→ PROVIDED DATA
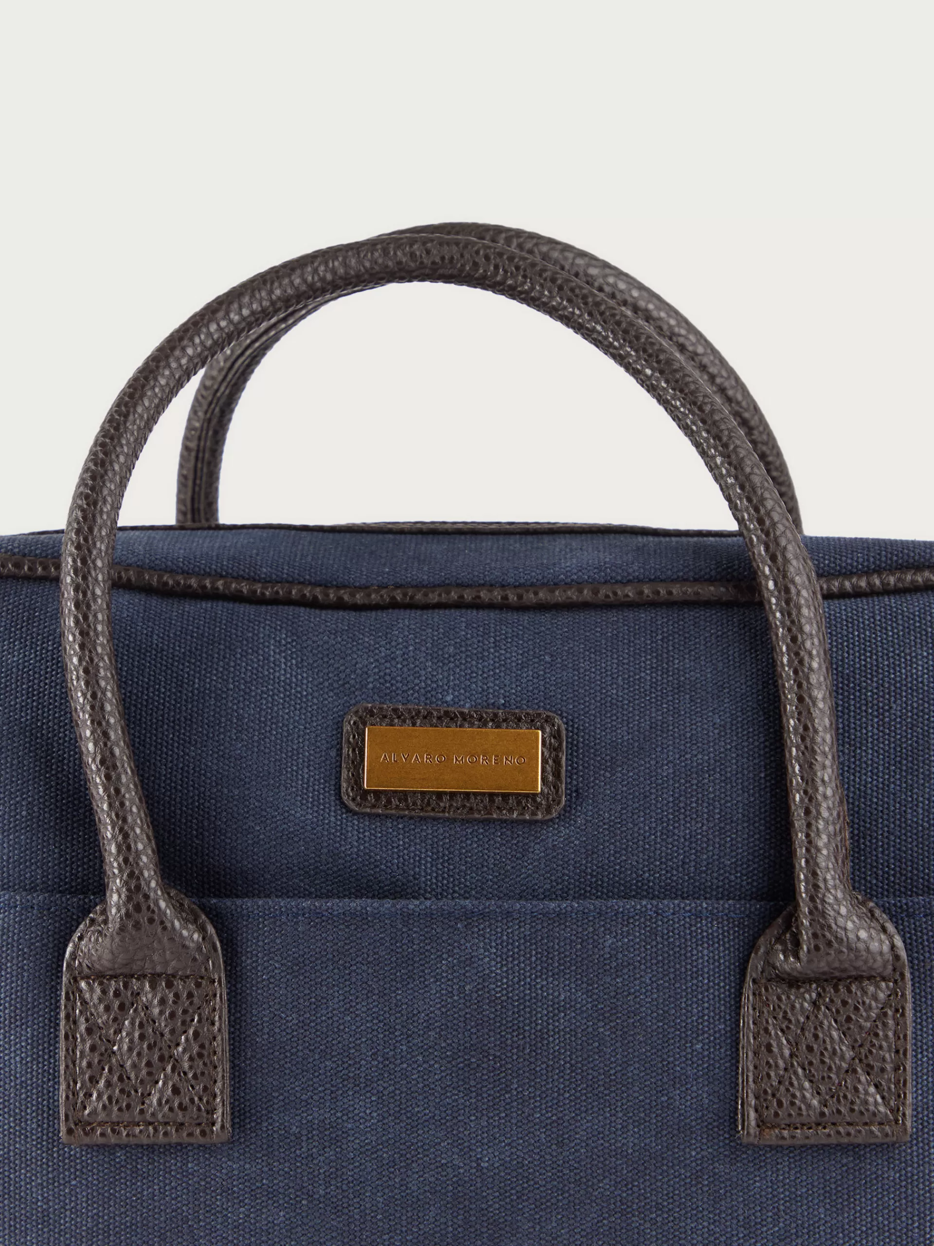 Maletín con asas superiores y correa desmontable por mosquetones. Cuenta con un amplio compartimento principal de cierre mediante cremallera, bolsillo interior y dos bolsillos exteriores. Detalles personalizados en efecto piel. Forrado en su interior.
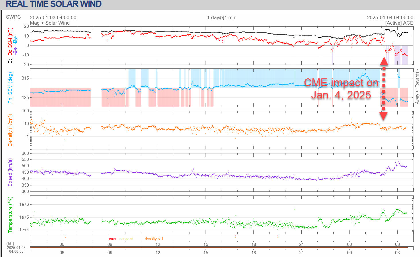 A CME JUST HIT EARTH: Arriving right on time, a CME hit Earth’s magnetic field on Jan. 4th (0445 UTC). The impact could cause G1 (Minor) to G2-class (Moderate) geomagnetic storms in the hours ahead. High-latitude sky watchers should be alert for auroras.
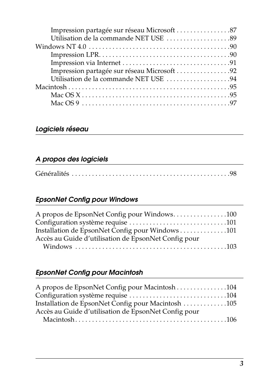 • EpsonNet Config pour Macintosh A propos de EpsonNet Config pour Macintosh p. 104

→ PROBLEM REQUIREMENTS
Without the images, write out each line of the data verbatim.

→ OUTPUT FOR THIS TASK
 Maletín con asas superiores y correa desmontable por mosquetones. Cuenta con un amplio compartimento principal de cierre mediante cremallera, bolsillo interior y dos bolsillos exteriores. Detalles personalizados en efecto piel. Forrado en su interior.
 A CME JUST HIT EARTH: Arriving right on time, a CME hit Earth’s magnetic field on Jan. 4th (0445 UTC). The impact could cause G1 (Minor) to G2-class (Moderate) geomagnetic storms in the hours ahead. High-latitude sky watchers should be alert for auroras.
 • EpsonNet Config pour Macintosh A propos de EpsonNet Config pour Macintosh p. 104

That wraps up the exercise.